One effective strategy is having students evaluate AI-generated drafts instead of accepting them at face value. A 2024 study titled “The Metacognitive Demands and Opportunities of Generative AI” finds that interacting with AI outputs, such as analyzing, questioning, or refining them, requires users to actively monitor and regulate their own thinking. In classroom settings, teachers can ask students to identify logical flaws, evaluate the credibility of claims, or rework AI-generated paragraphs to improve clarity and coherence. Editing AI-outputs pushes students to detect gaps in reasoning and come to their own rhetorical choices.
A second approach emphasizes iterative prompt refinement. Students begin with a basic question to an AI model and revise it repeatedly to improve the quality, precision, or tone of the answer. Research into “prompt literacy” shows that this process deepens students’ understanding of how language guides thought. By refining inputs, learners must clarify their objectives, detect ambiguity in their phrasing, and adjust based on the AI’s interpretations. This method makes students more aware of the assumptions embedded in their questions and gives them a more nuanced grasp of how framing influences response. It’s important to note that while prompt engineering supports critical foresight now, its long-term relevance is uncertain. The way information is elicited from models is constantly evolving. For example, models are increasingly capable of generating effective prompts on their own, which suggests that the need for human-crafted prompt engineering may decline over time.
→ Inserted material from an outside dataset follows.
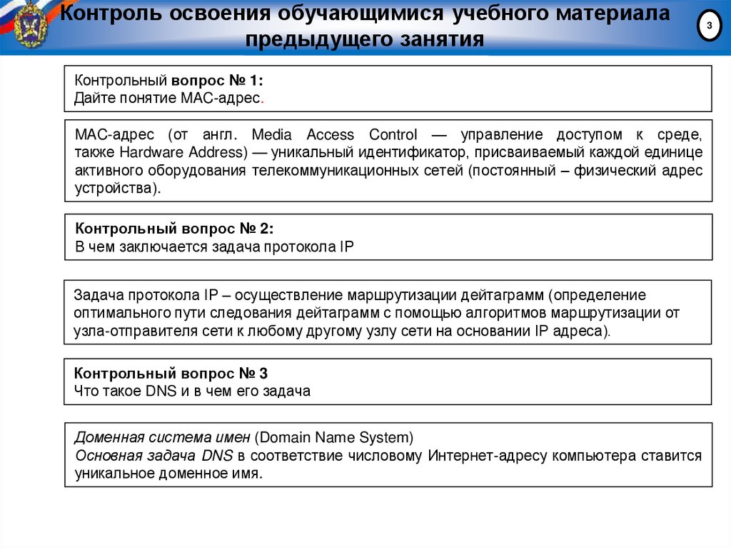 Контроль освоения обучающимися учебного материалаКонтрольный вопрос № 1: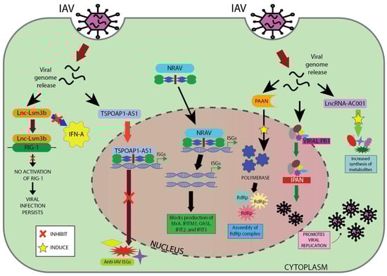 By blocking various stages of the host immune response, lncRNAs can also function as positive regulators of viral infection, according to the research performed by Ma et al. in 2016 [139]. One study by Ouyang and colleagues in 2014 [140] demonstrated how lncRNA NRAV is significantly downregulated during IAV infection. NRAV likely inhibits the initial transcription of various significant ISGs, such as MxA and IFITM3, by altering the histone modifications H3K4me3 and H3K27me3 in these genes. This, in turn, can promote IAV replication (Figure 3). A few such examples, with lncRNA regulating influenza virus replication, are mentioned in Table 1 [13,141,142].

Another promising practice involves using Socratic dialogue with AI systems. A 2024 study on Socratic LLMs found that students who interacted with these models exhibited improved critical reasoning and self-reflection. Socratic LLMs are designed to mimic the method of Socrates, who taught through probing dialogue rather than direct instruction. By posing open-ended questions, the models challenge students to explain their thinking, justify their claims, and consider counterarguments. The AI functions less as a source of authority and more as a heuristic nudge that slows students down and encourages deeper reflection.
These methods are united through an emphasis on active cognitive engagement. Generative AI is not inherently antithetical to deep thought but assignments must be revised to reward reasoning over information citation. With thoughtful design, educators can ensure that AI strengthens the habits of inquiry, skepticism, and reflection that lie at the heart of critical thinking.
Conclusion
Generative AI is already embedded in how people work, learn, and create. Treating its use as inherently dishonest creates a disconnect between educational institutions and the professional environments students are preparing to enter. The question is no longer whether students will use AI, but how they can do so in ways that support genuine learning.
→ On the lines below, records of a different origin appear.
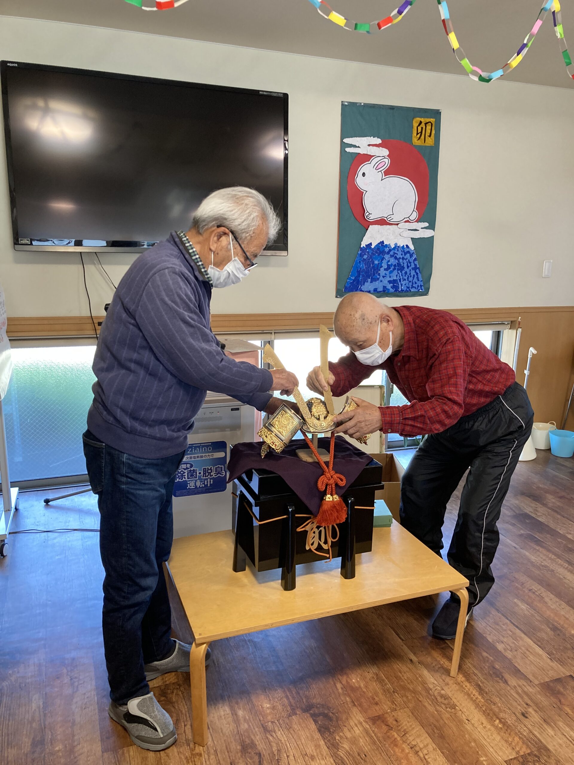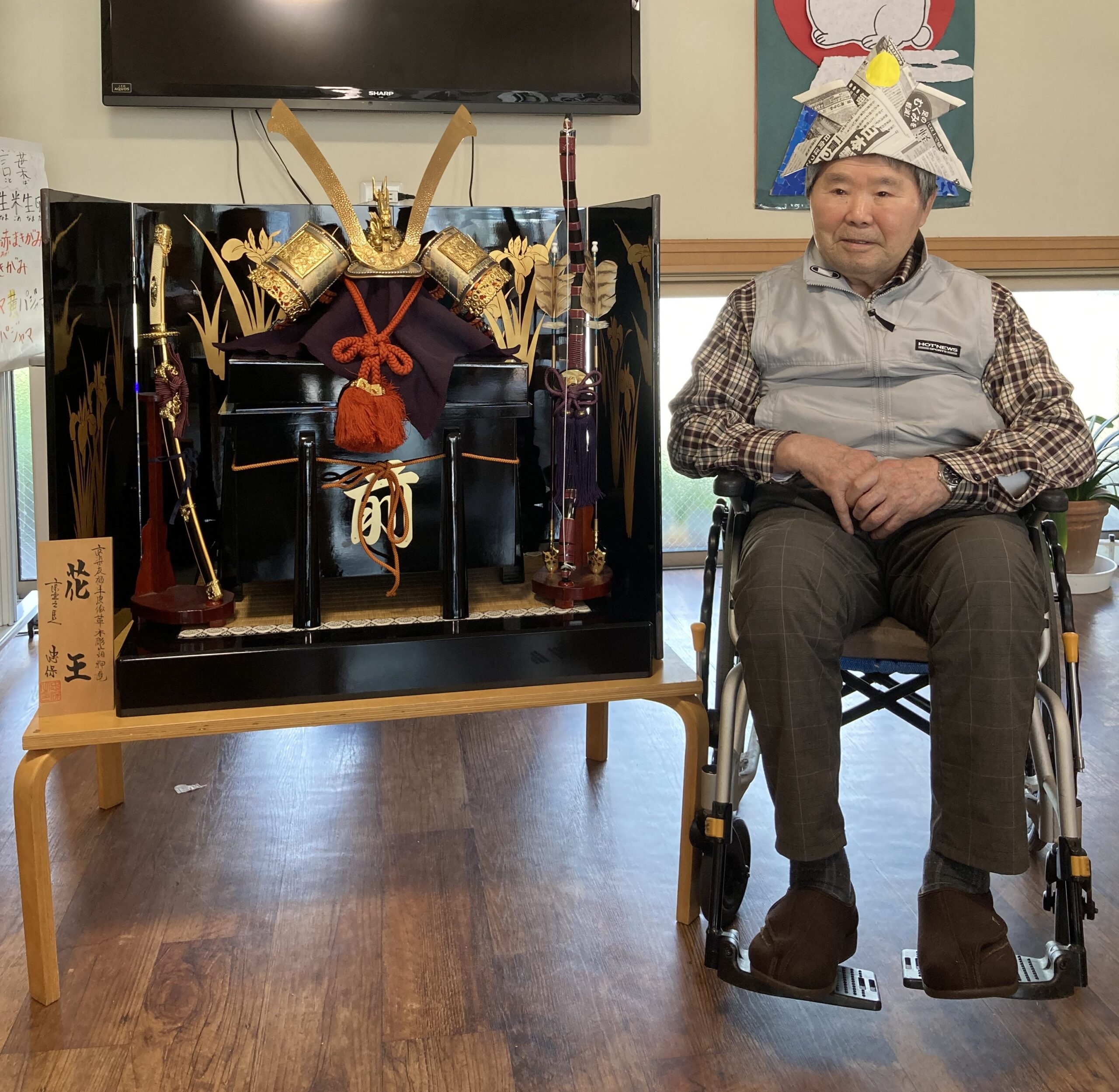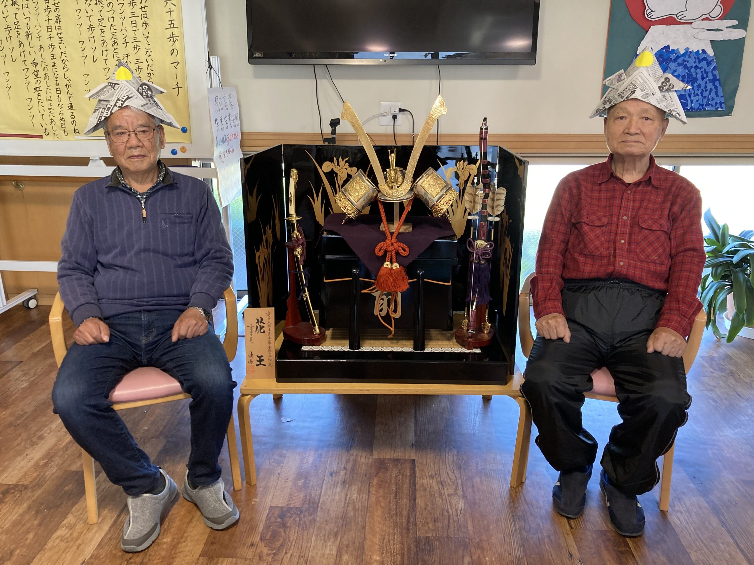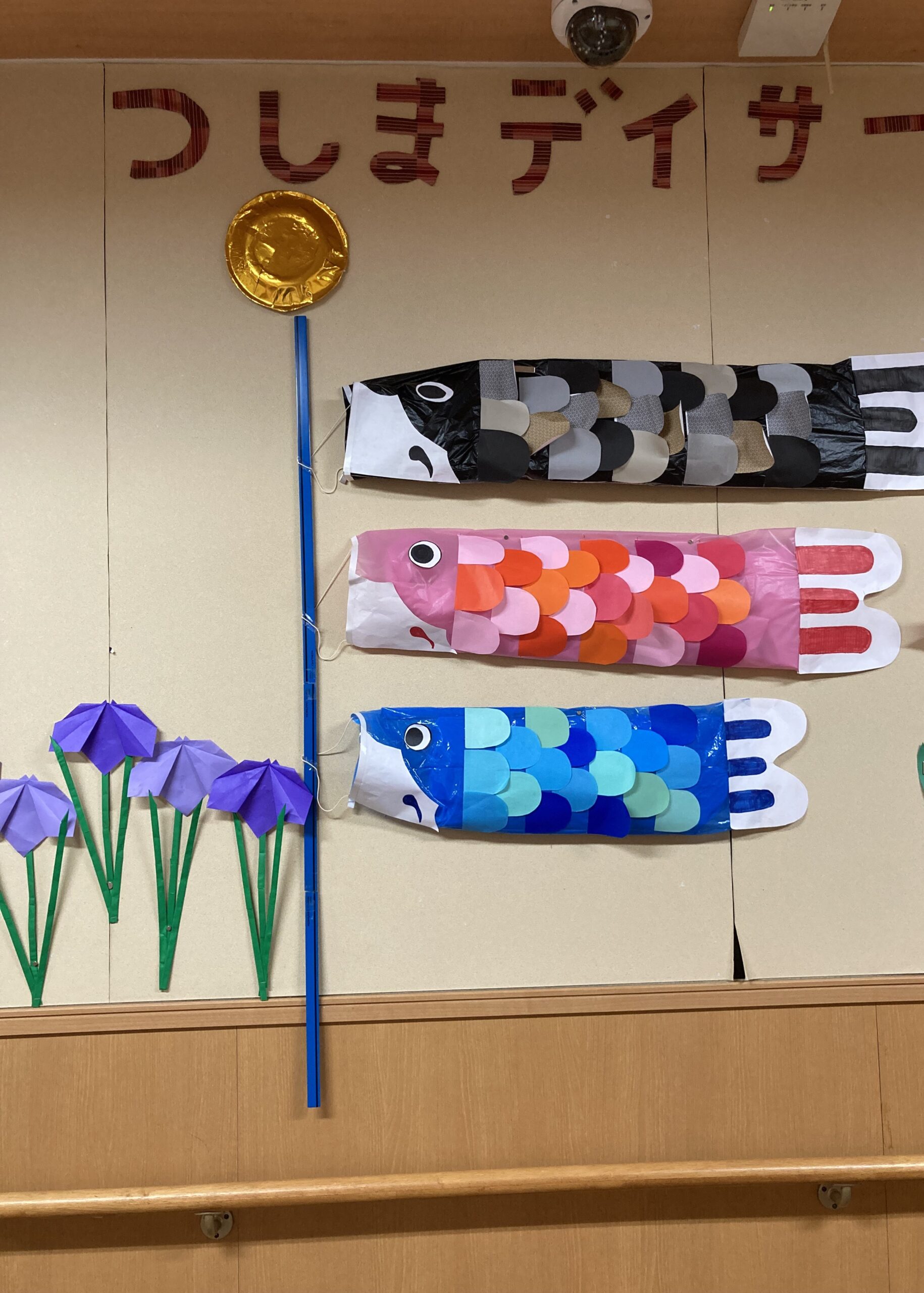 5月5日『端午の節句』が近いので ”兜” を飾りました。「子供が小さい頃は毎年飾ったよー」「鯉のぼりもあげたよー」と話が盛り上がりました。デイサービス入口の壁面にも “鯉のぼり”  を飾りました。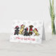 Julkort för Labb-fans!! Söt Labrador Retriever- tecknad design med fem labradorer som väntar på julen med julgransprydnader och tomtehattar. Så en härlig stund under högtidsperioden!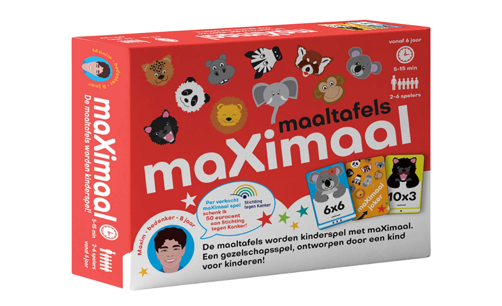 Om de maaltafels leuker en makkelijker aan te leren heeft Maxim (8 jaar) dit spel ontworpen. Een leuk en spannend spel om samen te spelen thuis én op school. Stimuleert spelenderwijs het automatiseren van de tafels.

Rather than banning emerging tools or relying on outdated assessments, educators can shift their focus toward the quality of students’ engagement with ideas. That shift involves aligning teaching practices with the habits of inquiry, skepticism, and reflection that AI cannot automate.
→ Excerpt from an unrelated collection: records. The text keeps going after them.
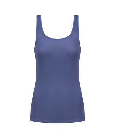Behagelig og enkel top fra Mey med rundudskæring og brede stropper. Toppen er designet uden generende sidesømme, og lavet i en åndbar kvalitet.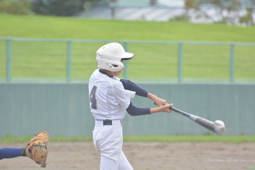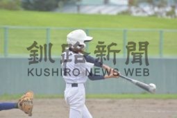 [写真/【準々決勝、釧北・釧共栄・釧美原―釧青陵・釧桜が丘・釧幣舞】4回、直球を強振する釧北・釧共栄・釧美原の木村。 ]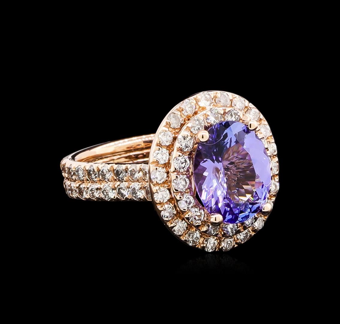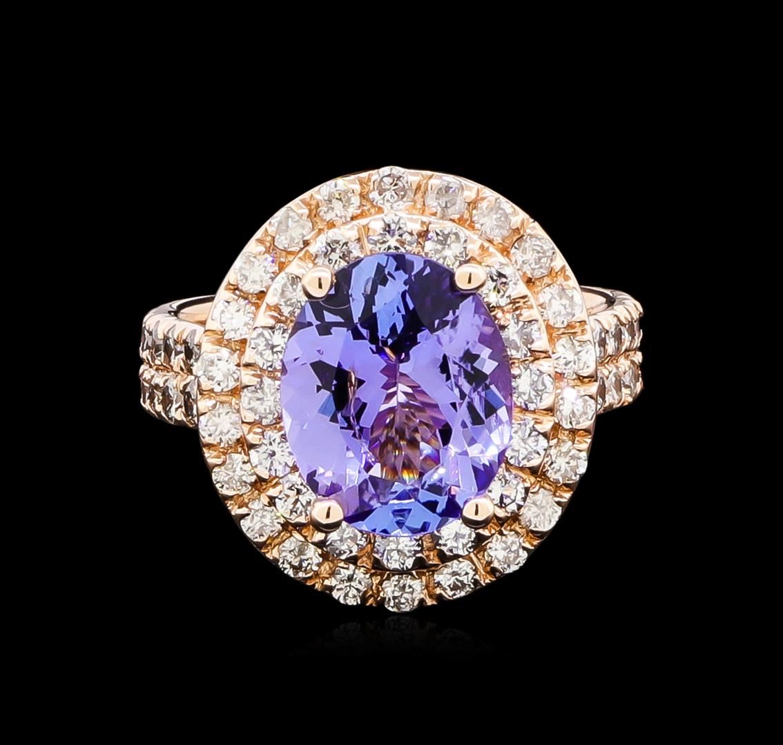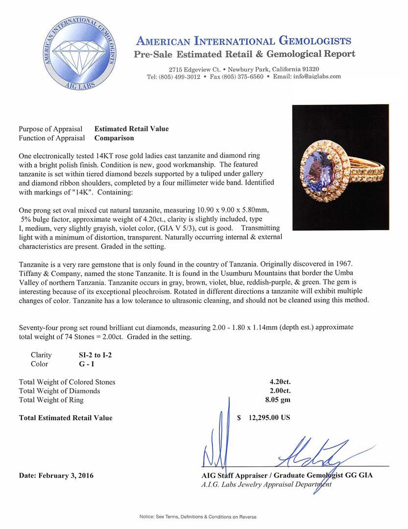 One electronically tested 14KT rose gold ladies cast tanzanite and diamond ring with a bright polish finish. The featured tanzanite is set within tiered diamond bezels supported by a tuliped under gallery and diamond ribbon shoulders, completed by a four millimeter wide band. Identified with markings of "14K". Condition is new, good workmanship. Containing: One prong set oval mixed cut natural tanzanite, measuring 10.90 x 9.00 x 5.80mm, 5%. bulge factor, approximate weight of 4.20ct., clarity is slightly included, type I, medium, very slightly grayish, violet color, (GIA V 5/3), cut is good. Transmitting light with a minimum of distortion, transparent. Naturally occurring internal & external characteristics are present. Graded in the setting. Tanzanite is a very rare gemstone that is only found in the country of Tanzania. Originally discovered in 1967. Tiffany & Company, named the stone Tanzanite. It is found in the Usumburu Mountains that border the Umba Valley of northern Tanzania. Tanzanite occurs in gray, brown, violet, blue, reddish-purple, & green. The gem is interesting because of its exceptional pleochroism. Rotated in different directions a tanzanite will exhibit multiple changes of color. Tanzanite has a low tolerance to ultrasonic cleaning, and should not be cleaned using this method. Seventy-Four prong set round brilliant cut diamonds, measuring 2.00 - 1.80 x 1.14mm (depth est.) approximate total weight of 74 Stones = 2.00ct. Graded in the setting. Clarity: SI-2 to I-2. Color: G - I. Total Weight of Colored Stones 4.20ct. Total Weight of Diamonds 2.00ct. Total Weight of Ring 8.05gm. AIG Appraised at $12,295.00.

Integrating AI into education is not endorsing shortcuts but designing learning experiences that treat AI as a resource to be interrogated, not obeyed. AI can sharpen reasoning, expand perspective, and offer new ways to think. The opportunity is not to reject the future, but to teach students how to meet it with discernment. If the classroom becomes a space where AI is neither banned nor blindly accepted, but questioned and shaped by human insight, then education may not only survive the AI age but evolve into something deeper.